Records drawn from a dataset
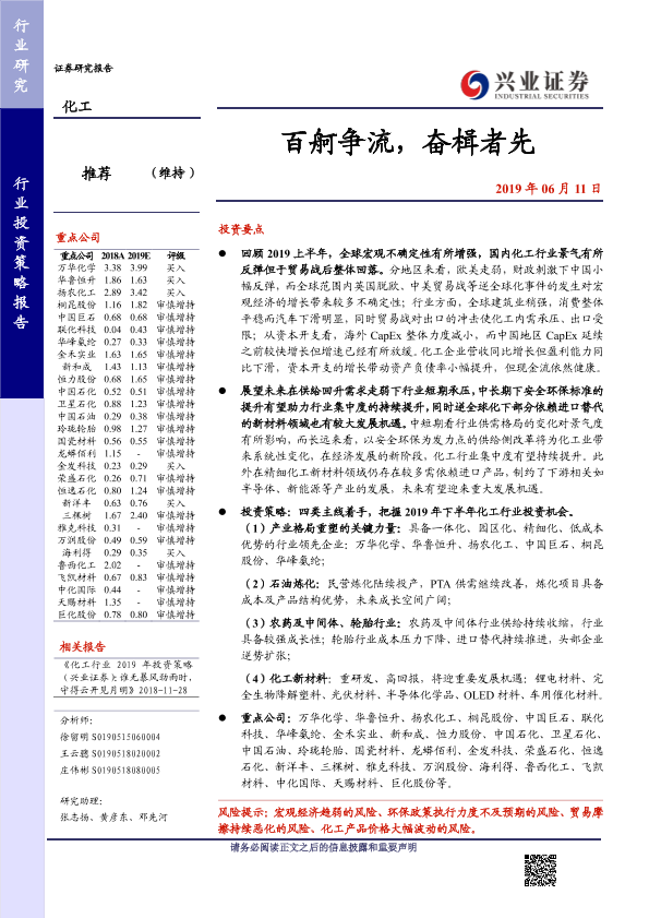 【兴业证券】【20190611】20190611-兴业证券-化工行业投资策略报告:百舸争流,奋楫者先-80页
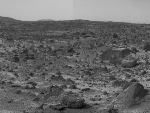 Photojournal note: Sojourner spent 83 days of a planned seven-day mission exploring the Martian terrain, acquiring images, and taking chemical, atmospheric and other measurements. The final data transmission received from Pathfinder was at 10:23 UTC on September 27, 1997. Although mission managers tried to restore full communications during the following five months, the successful mission was terminated on March 10, 1998.
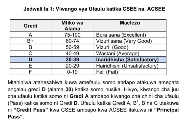 Alama za Ufaulu Kidato cha Sita: Viwango na Maelezo Muhimu Baraza la Mitihani la Tanzania ...
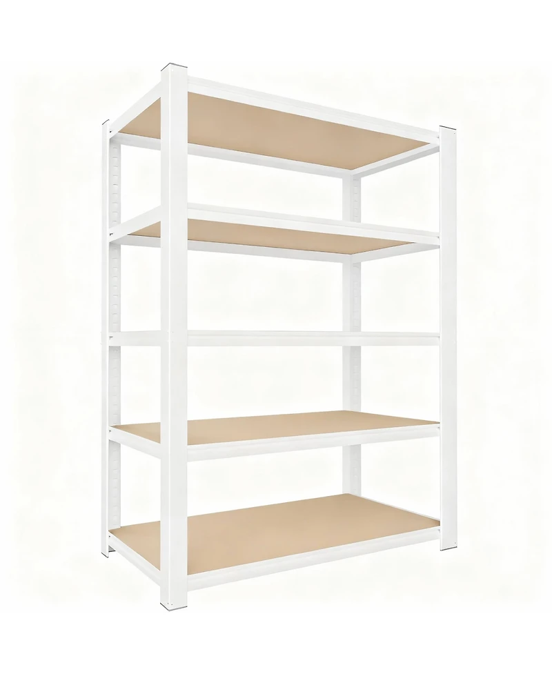 Industrial-strength white storage rack built from reinforced steel frames and thick warp-resistant wood boards double-layer uprights boost stability and keep edges smooth. Five shelves hold 300 lb each, 1 500 lb total. 16 x 24 x 59 in unit fits closets, pantries, kitchens, garages, offices and more. All-metal locking connectors resist cracking bolt-free assembly with rubber mallet takes about ten minutes. Shelves adjust in 1-inch steps and the frame splits into two separate 2-shelf units for smaller spaces. Rubber foot caps protect floors. Weight: 0.31 pounds. Length: 16.00 inch. Width: 24.00 inch. Height: 59.00 inch.
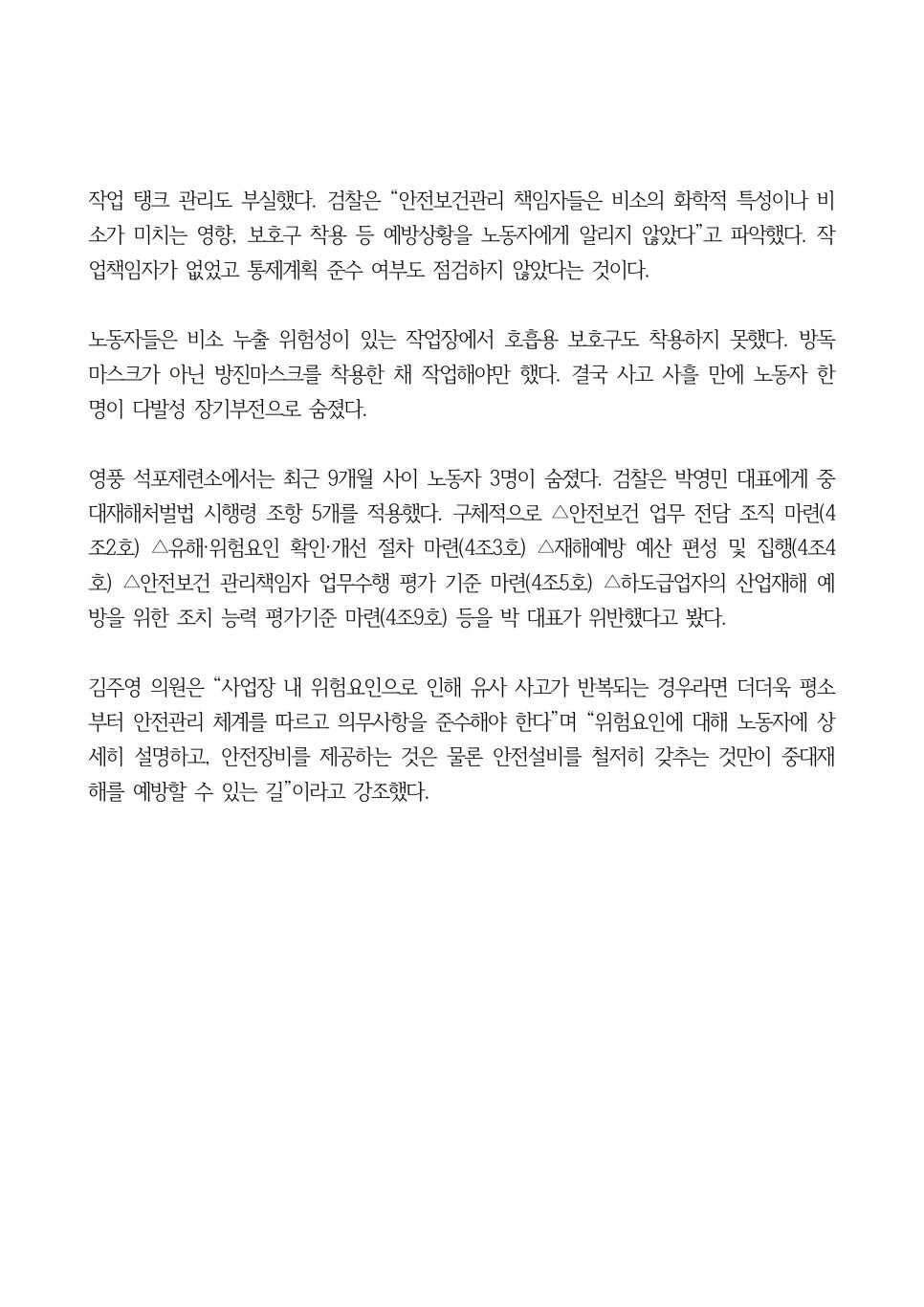 공소장엔 박 대표는 중대재해 처벌 등에 관한 법률(중대재해처벌법) 등 세 개 법률을 위반한 것으로 적혔다.
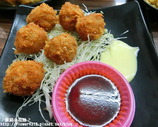 起司肉球($120):因為我們太不知要選什麼口味,所以老闆人超好的說,就各用一半給我們,所以給我們韓式酸辣、蜂蜜芥末~
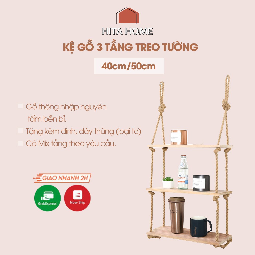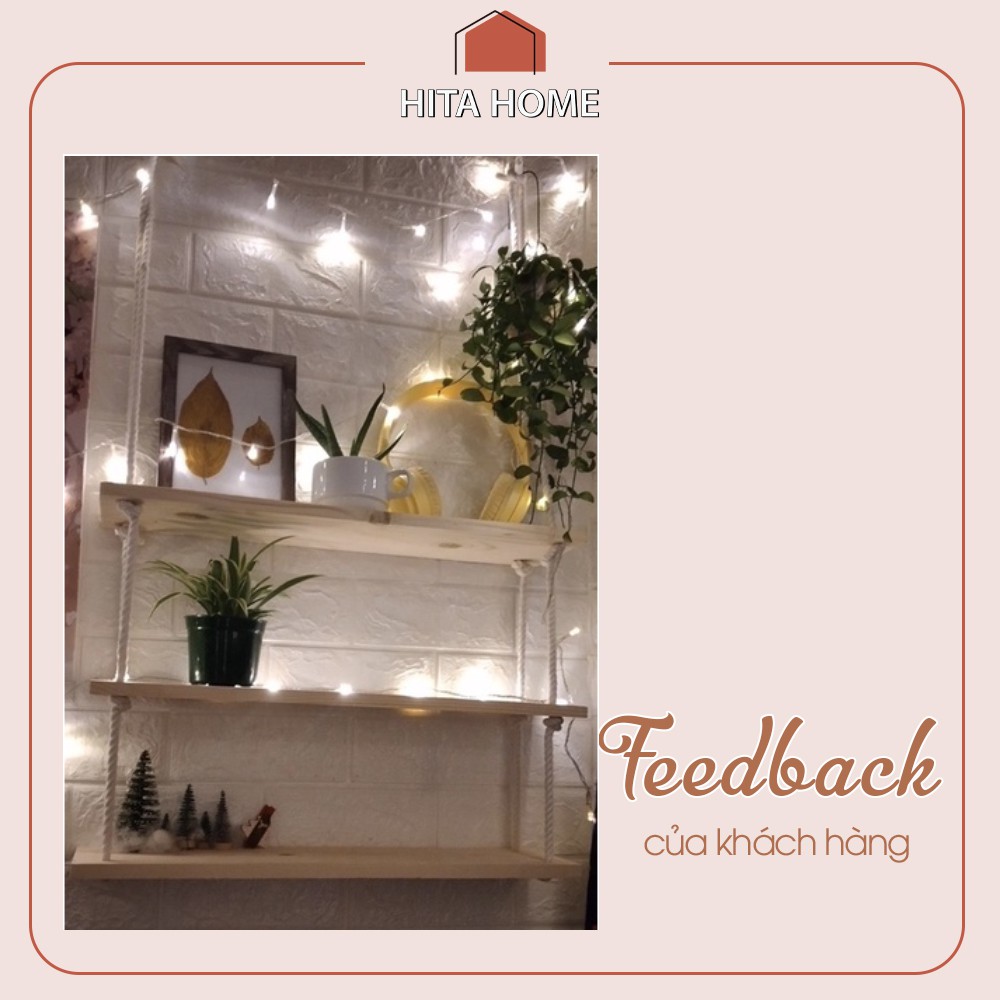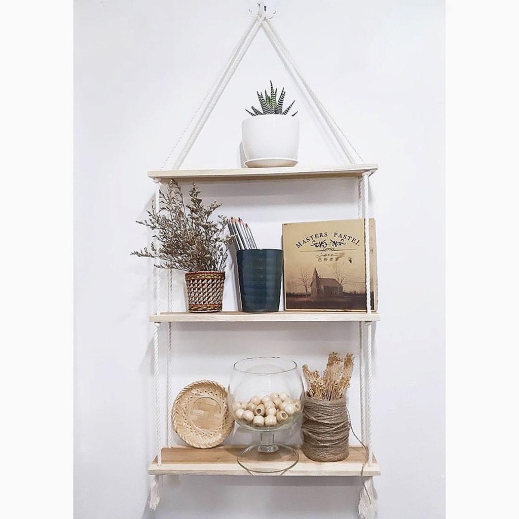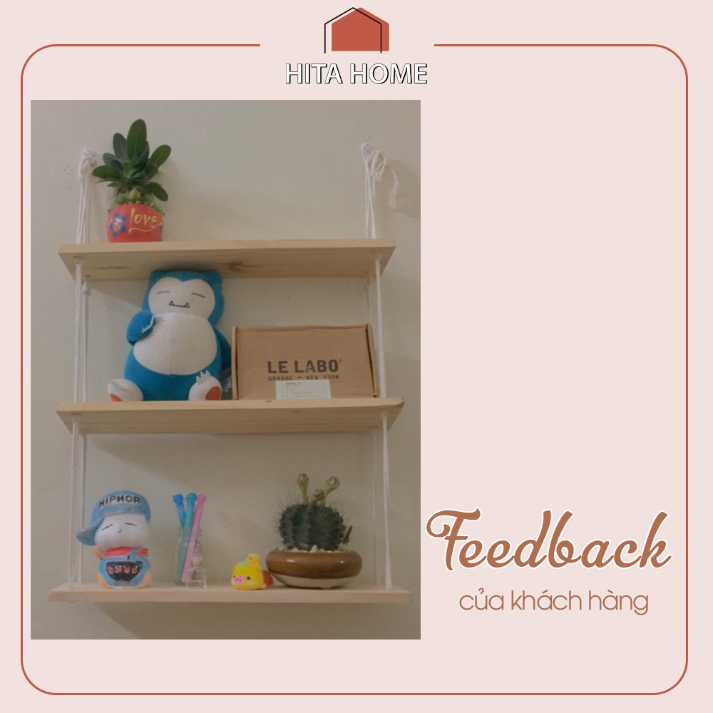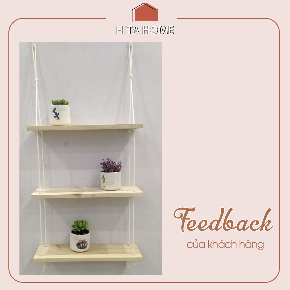 Bạn lưu ý là để đảm bảo độ chắc chắn thì kệ treo tường thì bọn mình luôn tặng dây thừng dày ạ! Kệ treo tường gỗ thông thích hợp để trang trí phòng ngủ, phòng khách thậm chí là các các quán cafe... Đây là món đồ decor xinh xắn có thể giúp bạn để cây cảnh nhỏ hay các món đồ xinh xắn khác.
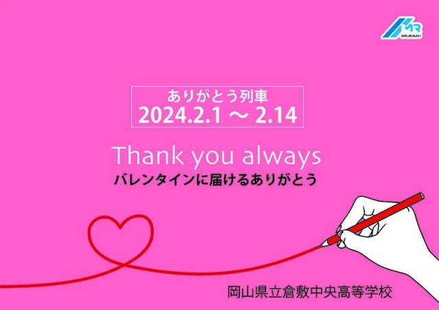 岡山県立倉敷中央高校の生徒の皆さまと一緒に企画し、大好評を頂いております「ありがとう列車」を運行いたします。
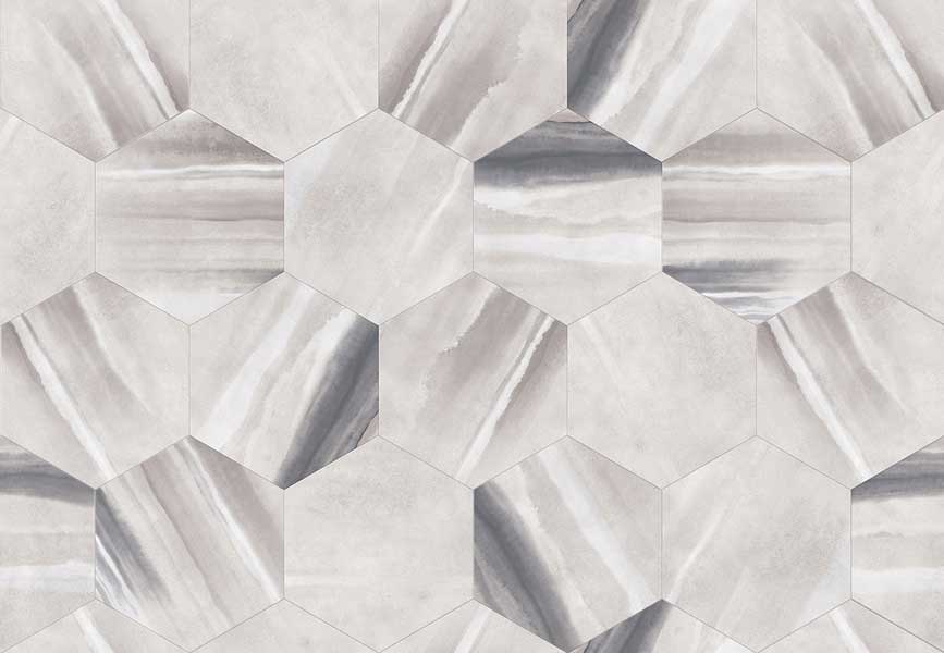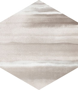 水彩のにじみを表現したヘキサゴンタイルです。プレーンヘキサと組み合わせて施工することで、さまざまなデザイン貼りが可能です。
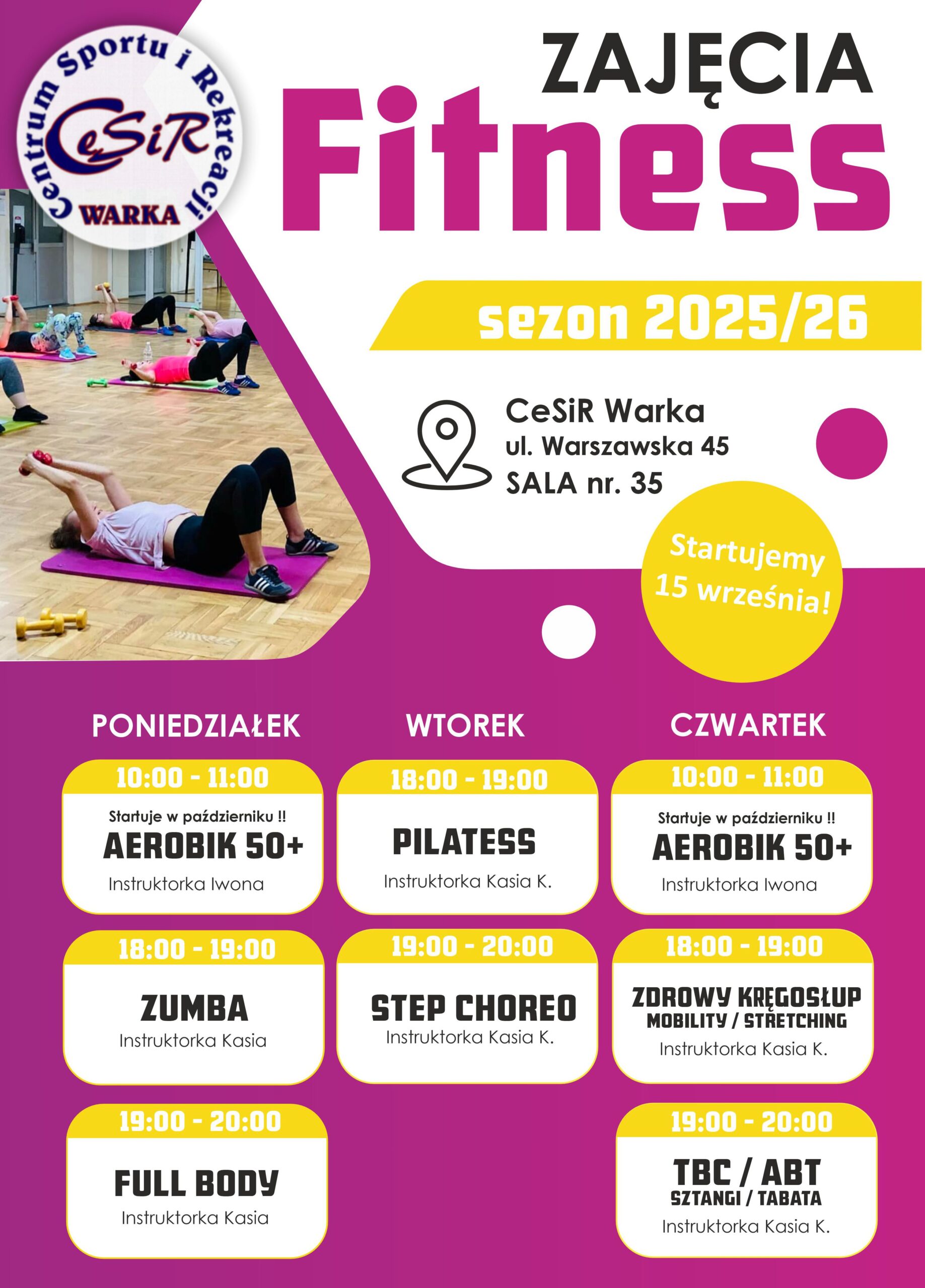 Zumba, Pilates, Step Choreo, Zdrowy Kręgosłup, TBC, Full Body i Aerobik 50+ prowadzone przez nasze Instruktorki Kasię K., Kasię W. i Iwonkę M.

Exercise instructions
Your answer must be an exact copy of the lines from the one with "Bạn lưu ý là" through the final line of the data, both included, without any pictures.

Task solution
 Bạn lưu ý là để đảm bảo độ chắc chắn thì kệ treo tường thì bọn mình luôn tặng dây thừng dày ạ! Kệ treo tường gỗ thông thích hợp để trang trí phòng ngủ, phòng khách thậm chí là các các quán cafe... Đây là món đồ decor xinh xắn có thể giúp bạn để cây cảnh nhỏ hay các món đồ xinh xắn khác.
 岡山県立倉敷中央高校の生徒の皆さまと一緒に企画し、大好評を頂いております「ありがとう列車」を運行いたします。
 水彩のにじみを表現したヘキサゴンタイルです。プレーンヘキサと組み合わせて施工することで、さまざまなデザイン貼りが可能です。
 Zumba, Pilates, Step Choreo, Zdrowy Kręgosłup, TBC, Full Body i Aerobik 50+ prowadzone przez nasze Instruktorki Kasię K., Kasię W. i Iwonkę M.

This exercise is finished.